Collected data entries
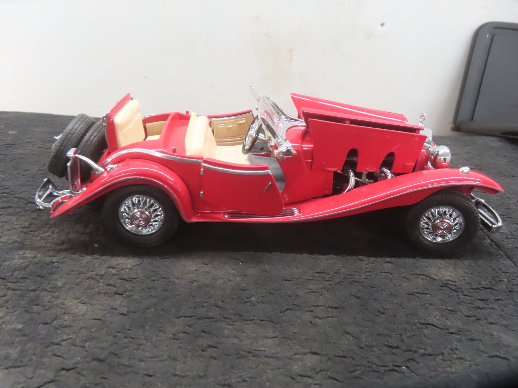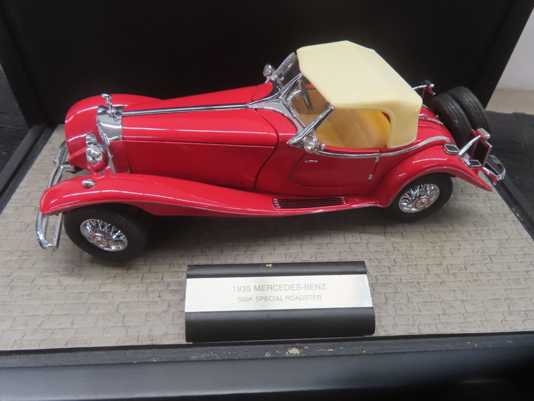 Franklin Mint 1/24 Scale Mercedes Benz 500k Special Roadster Red with Wood and Plastic Showcase & Changeable Parts
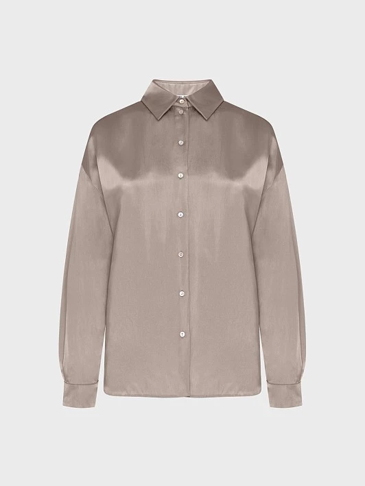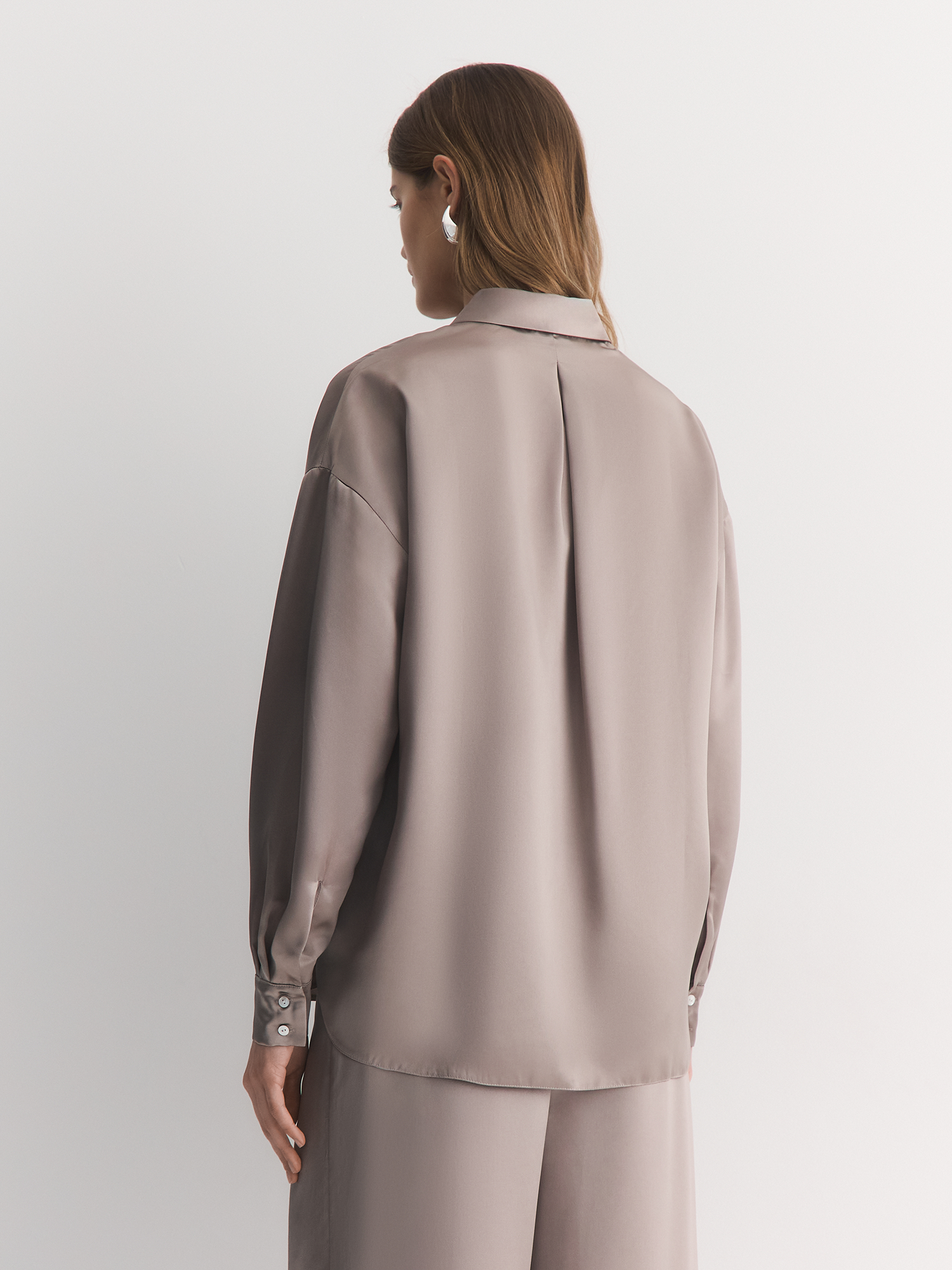 Шелковистый ацетат в атмосферном сером цвете красиво драпируется, создавая эффектные складки и подчеркивая женственность силуэта. Блуза легко комбинируется с различными аксессуарами и обувью, что делает ее незаменимой в любом гардеробе.
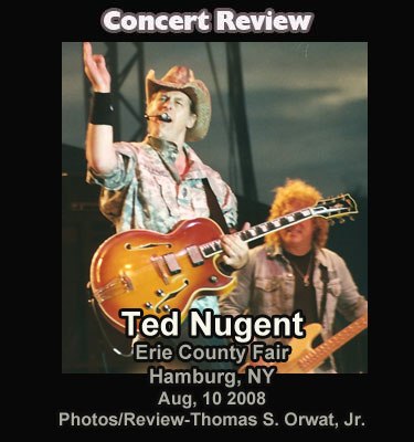 Hamburg, NY-At first it looked like another canceled show at the Erie County Fair concert grounds, (which was no more than just a stage set up on a dirt horse racing track in front of the grandstands). The performance on the prior evening by teen sensation Vanessa Hudges was canceled due to the rainy, dismal weather. And since the weather was the same on this day everyone though that the show featuring 60 year old rock legend Ted Nugent would end up the same disappointing way. An announcement was made earlier in the day on Buffalo’s rock station 97 rock, that the opening act Greg Rollie would not be performing and Nugent would go on at 8pm to hopefully beat the bad weather. Well, when 8pm passed and the clouds became darker it looked like the show would not go on. At 8:30 some people started leaving the grounds which by this time turned into a rain soaked mud pit. Just when it looked like the show was going to be called off, the sudden high pitch sound of feedback came wailing through the speakers. Nugent then bounced on stage emphatically announcing, “This ain’t nothing, this is ducking hunting weather and I’m a duck hunter!!!” The crowd of approx 4000 enthusiastically roared in approval. From this moment on, the Nuge had the crowd in the palm of his hand.
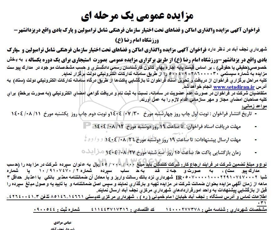 شهرداری نجف آباد در نظر دارد فراخوان آگهی مزایده واگذاری اماکن و فضاهای تحت اختیار سازمان فرهنگی شامل تارمبولین و پارک بادی واقع در یزدانشهر- ورزشگاه امام رضا (ع) از طریق برگزاری مزایده عمومی بصورت استیجاری برای یک دوره یکساله ، به بخش خصوصی ، بر اساس قیمت پایه اجاره بهای کانون کارشناسان رسمی دادگستری و حسب مشخصات موجود در مدارک پیوست مزایده به شماره سیستمی 5004090286000030 را از طریق سامانه تداركات الكترونیكی دولت برگزار نماید.
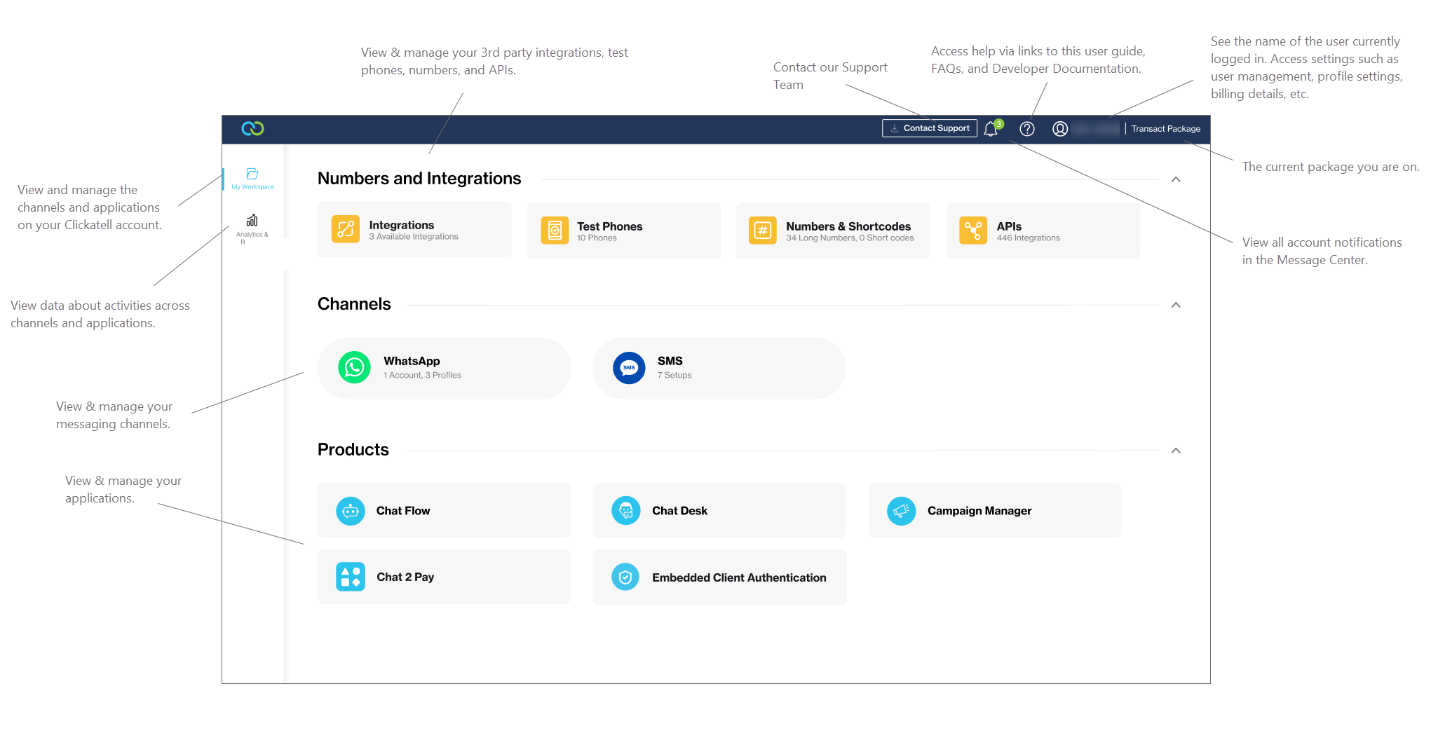 This serves as the "main dashboard". View and manage all channels, applications, numbers, test phones, and API integrations on your Clickatell account.
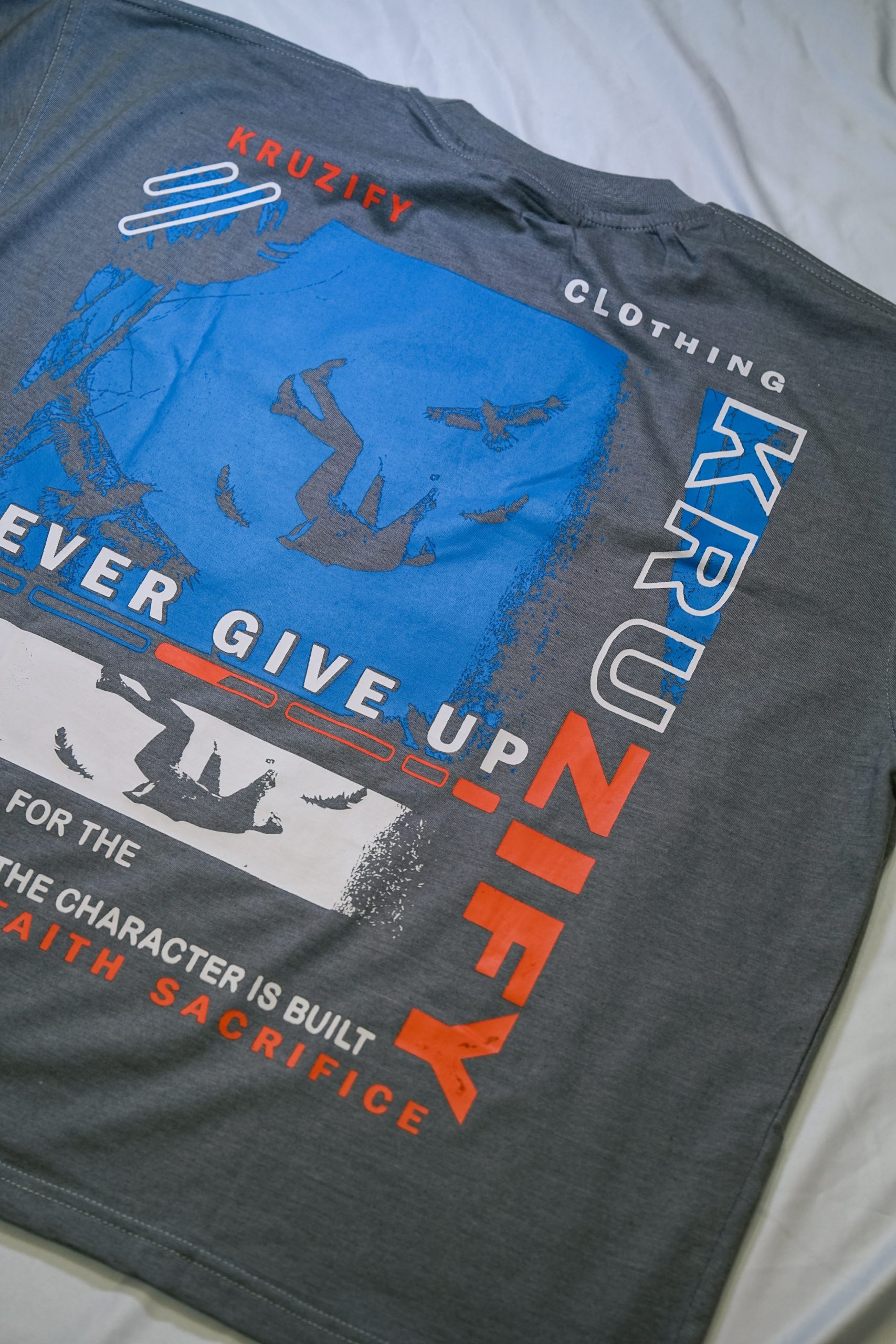‘NEVER GIVE UP’ Tee- Calm Grey
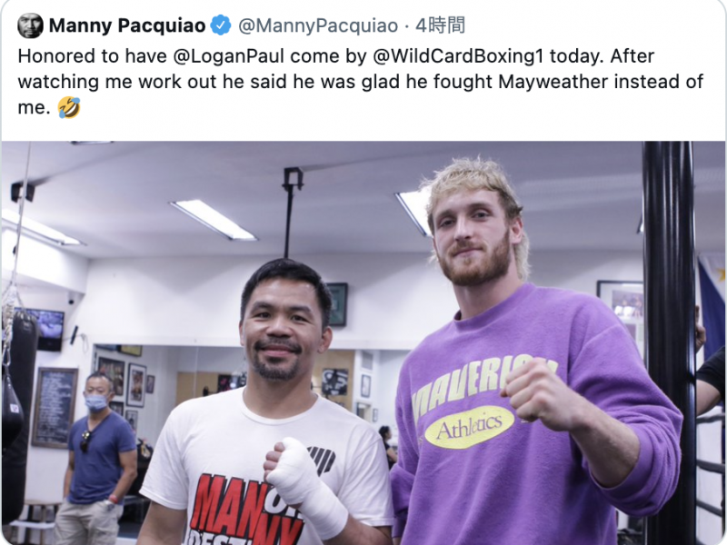 パッキャオ(左)のライバル、メイウェザーと戦ったローガンポールがパッキャオの練習を視察(パッキャオのTwitterより)
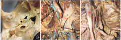 注:1为翼突内侧板根部;2为颈静脉窝后缘;3为枕髁外侧;4为枕骨基底部外侧;5为卵圆孔外界;6为棘孔外界;7为蝶棘外界;8为茎突;9为张肌-血管-茎突筋膜(黑线悬吊部分);10为二腹肌后腹;11为茎突舌肌;12为翼内肌;13为茎突前间隙;14为面动脉;15为颞浅动脉及伴行静脉;16为颈内静脉;17为茎突舌骨肌;18为茎突咽肌;19为翻起的翼内肌;20为翻起的张肌-血管-茎突筋膜
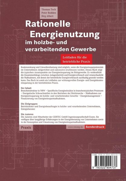 Kostensenkung und Umweltentlastung sind möglich, wenn die Energieeinsparpotenziale im Unternehmen zielgerichtet und sukzessive erschlossen werden. Dieses Buch zeigt die typischen Ansatzpunkte zur Energieeinsparung im Holzgewerbe. Es verdeutlicht die Zusammenhänge zwischen Anlagenbetrieb und Energieverbrauch und veranschaulicht die Maßnahmen, mit denen der betriebliche Energieverbrauch nachhaltig gesenkt werden kann. Das Buch ist somit ein Leitfaden zur wirkungsvollen Energie- und Energiekosteneinsparung in der betrieblichen Praxis.
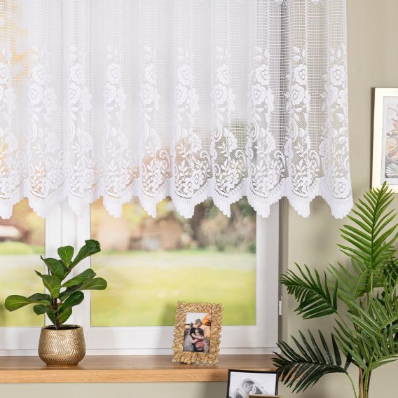 Firanka żakardowa ze wzorem pasowym, wysokość 120cm, kolor 001 biały 044330/000/001/000120/1
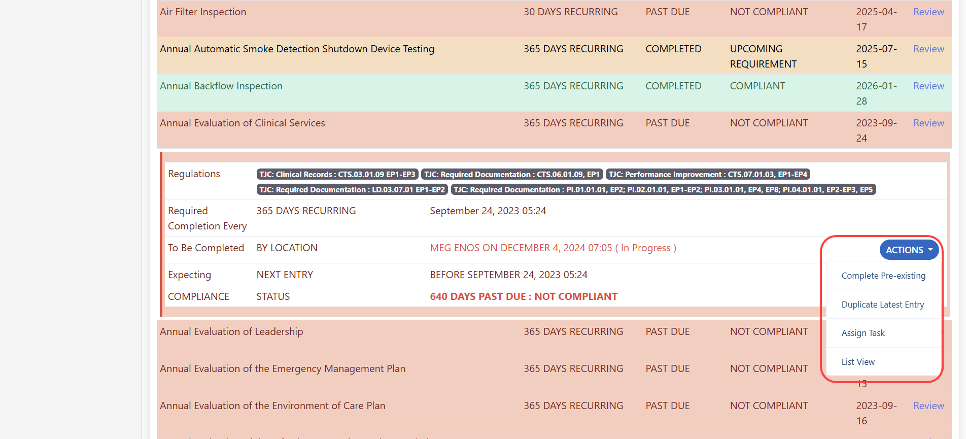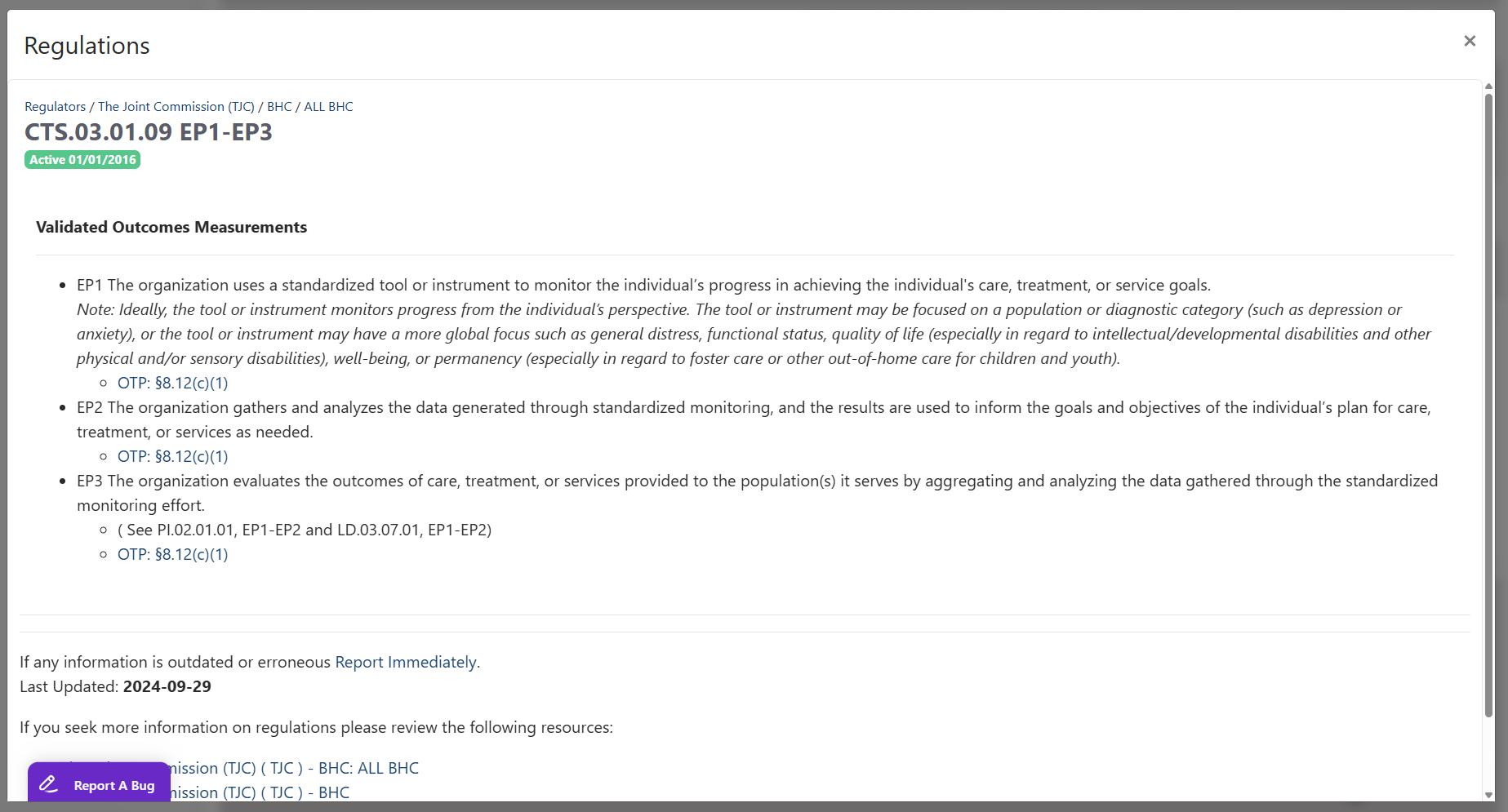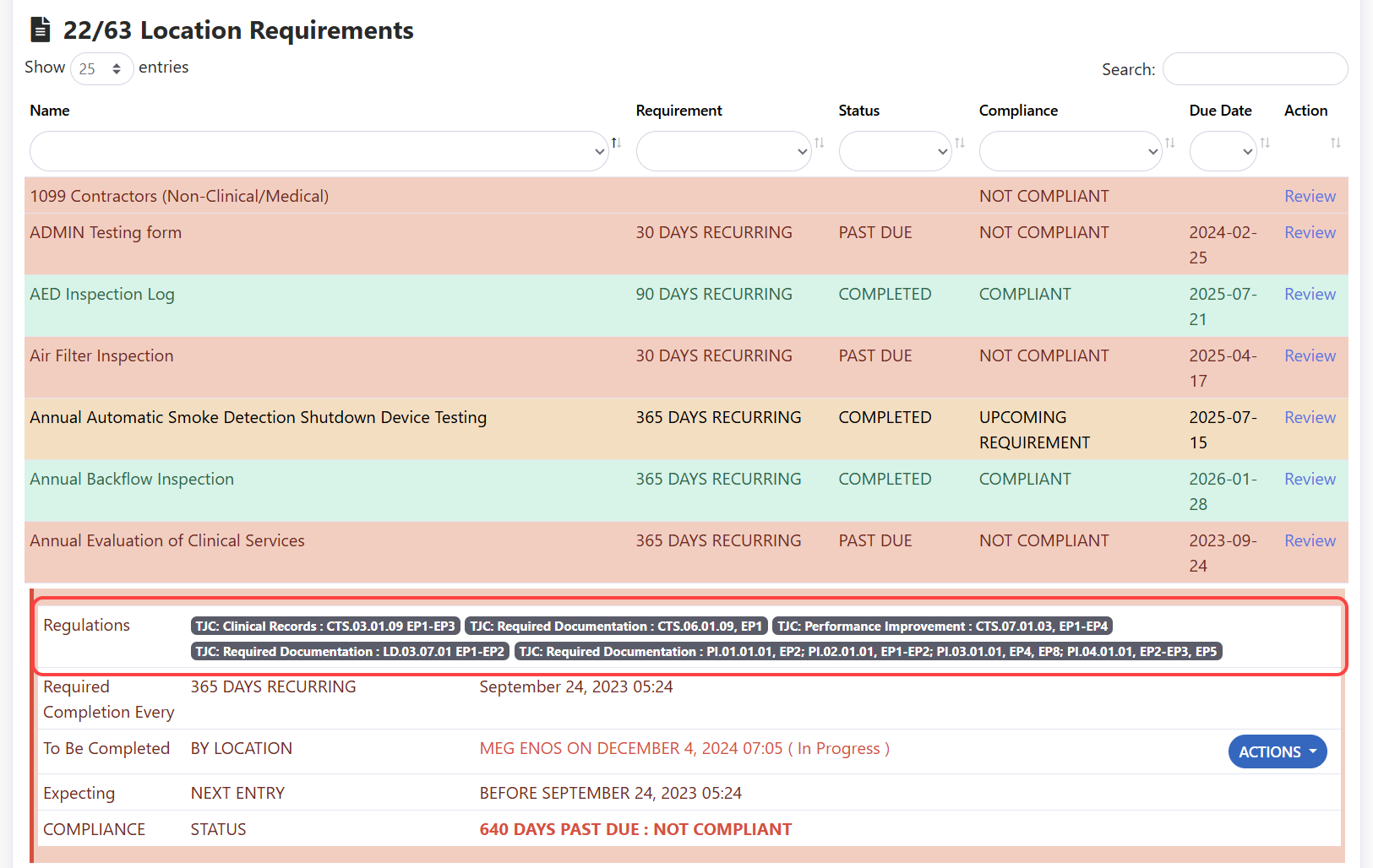 - Use the filters at the top to choose between All, TJC (The Joint Commission), or State regulations.

### [About this exercise]
Output, exactly and without pictures, the span of lines that starts at the line containing "Kostensenkung und Umweltentlastung" and ends at the last line above.

### [Task output]
 Kostensenkung und Umweltentlastung sind möglich, wenn die Energieeinsparpotenziale im Unternehmen zielgerichtet und sukzessive erschlossen werden. Dieses Buch zeigt die typischen Ansatzpunkte zur Energieeinsparung im Holzgewerbe. Es verdeutlicht die Zusammenhänge zwischen Anlagenbetrieb und Energieverbrauch und veranschaulicht die Maßnahmen, mit denen der betriebliche Energieverbrauch nachhaltig gesenkt werden kann. Das Buch ist somit ein Leitfaden zur wirkungsvollen Energie- und Energiekosteneinsparung in der betrieblichen Praxis.
 Firanka żakardowa ze wzorem pasowym, wysokość 120cm, kolor 001 biały 044330/000/001/000120/1
 - Use the filters at the top to choose between All, TJC (The Joint Commission), or State regulations.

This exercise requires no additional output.